The results showed that the adults were significantly more likely to add cigarette butt material to nests with ticks and nests with live ticks had 40% more by weight of cigarette but fibres than those with dead ticks. These results strongly suggest that adult urban house finches have learned to use cigarette butts to 'medicate' their nests.

The same study however showed that the strategy is not risk-free. Examination of the red blood cells of chicks showed evidence of genetic damage interfering with cell division caused by nicotine.
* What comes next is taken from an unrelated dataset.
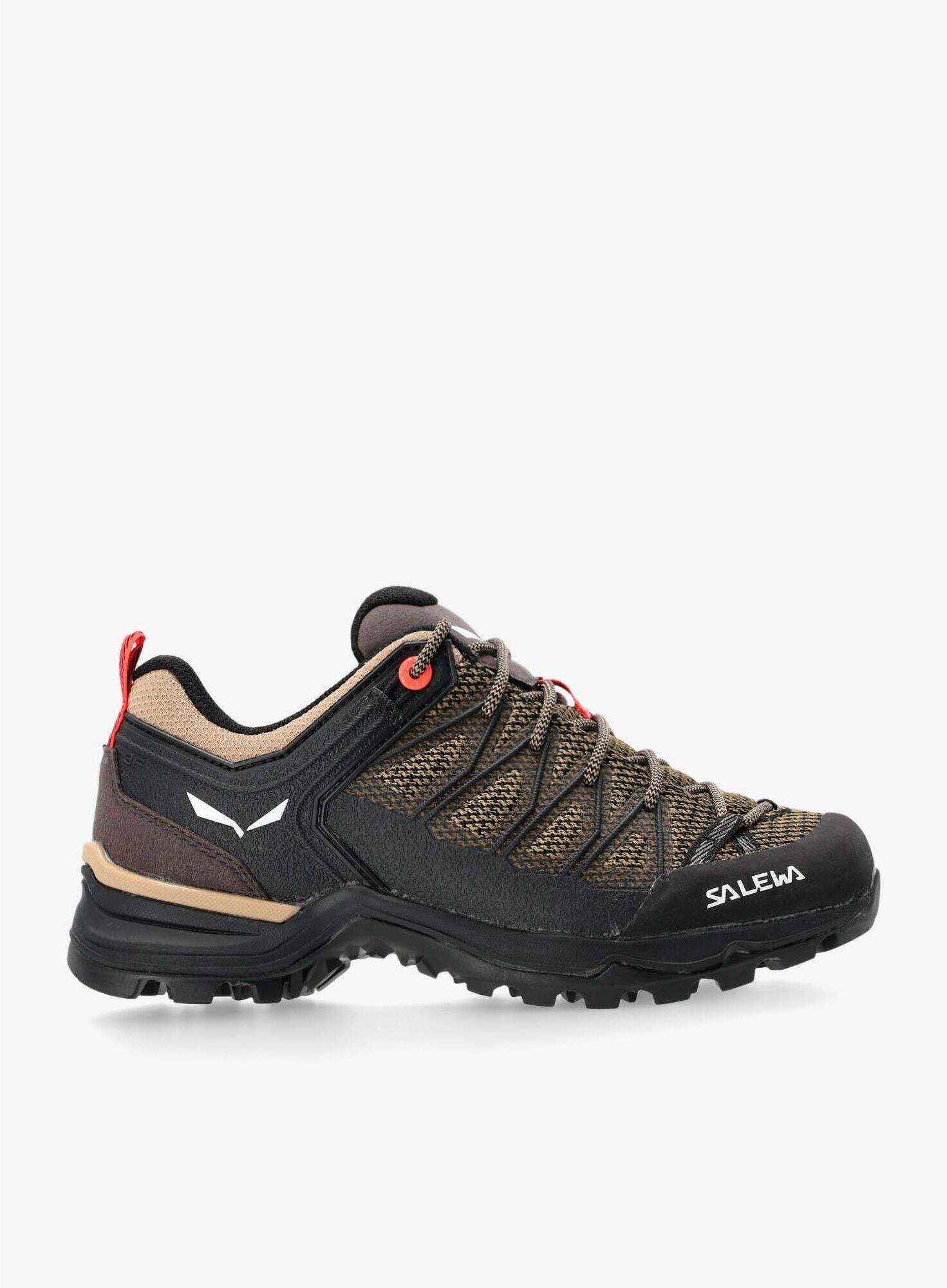 Salewa Buty turystyczne damskie Salewa Mountain Trainer Lite - quicksand/black UK 4 (36,5) Buty turystyczne damskie Salewa Mountain Trainer Lite - quicksand/black to model stworzony do długich trekkingów po szlakach o zróżnicowanych poziomach trudności. Przyczepna podeszwa wraz z zaawansowaną konstrukcją cholewki zapewniają niezbędne wsparcie i świetną stabilizację stopy podczas wędrówek. Cholewka butów w góry damskich Buty turystyczne damskie Salewa Mountain Trainer Lite - quicksand/black uszyta jest z wysoce odpornego na zużycie materiału tekstylnego. Z kolei podszewka jest wykonana z siateczki, co ma bardzo dobry wpływ na oddychalność buta, a więc i odprowadzanie nadmiaru ciepła. Cały przód butów turystycznych damskich Buty turystyczne damskie Salewa Mountain Trainer Lite - quicksand/black chroni krótki gumowy otok. Z kolei boki cholewki zostały wzmocnione specjalną cienką warstwą termoplastycznego poliuretanu. Buty trekkingowe damskie sznurowane są wiązaniami Climbing Lacing pociągniętymi niemal po same palce, a inspirowanymi butami wspinaczkowymi. Dzięki nim możliwe jest bardzo precyzyjne wiązanie. Charakterystycznym elementem obuwia górskiego Salewa, jest 3F System, a więc łączenie podbicia z podeszwą i piętą, dzięki czemu wsparcie stopy w okolicy pięty, elastyczność i właściwe dopasowanie są zapewnione w stu procentach. W butach trekkingowych damskich Salewa Mountain Trainer Lite - quicksand/black zastosowano oddychającą wkładkę Salewa, pod którą znalazła się dobrze amortyzująca śródpodeszwa z pianki EVA, a także podeszwa o podwyższonej przyczepności w terenie, a więc Pomoca MTN Trainer Lite, dedykowana właśnie do tego modelu obuwia. Jej ukształtowanie sprzyja naturalnemu przetaczaniu stopy. Buty Salewa Mountain Trainer Lite - najważniejsze cechy Cholewka z materiału o podwyższonej odporności na zużycie; Siateczkowa podszewka; Ochronny, krótki gumowy otok z przodu; Dodatkowe zabezpieczenie boków cholewki filmem z TPU; Wiązania Climbing Lacing inspirowane butami wspinaczkowymi; System 3F zapewnia doskonałe trzymanie pięty, nie ograniczając przy tym naturalnej ruchomości stawu skokowego; Oddychająca wkładka Salewa; Śródpodeszwa z pianki EVA dobrze amortyzująca każdy krok; Podeszwa Pomoca MTN Trainer Lite zapewniająca płynne przetaczanie stopy w terenie.

Either the benefits of the anti-parasitic effects are greater than the damage it causes or the effects manifest too late for the adults to respond to it.

Of course a study such as this can't tell us whether this is memetic or genetic evolution but however it arose, it self-evidently can't have arisen before there was a plentiful supply of cigarette butts so the behaviour is either of very recent origin or is an adaption of a preexisting strategy using other antiparasitic materials in the birds' environment.

Why this should make any self-respecting intelligent (sic) design advocate cringe and go into deep denial mode is because an intellgent (sic) design model must not only explain why these finches have been recently re-designed to use man-made materials to 'medicate' their nests by why it did this having designed the nest parasites to infest nests and suck the blood of chicks in the first place. How is it intelligent to have to design a solution to a problem you deliberately caused in the first place and then why design a solution that causes genetic damage to the chicks it was designed to protect?

Believe it or not, there are people who believe this is a sensible, even logical, explanation of how this sort of thing evolves!

Any cDesignproponentsists (sic) prepared to have a go at an explanation without giving away the fact that ID is fundamentalist Bible literalism in disguise?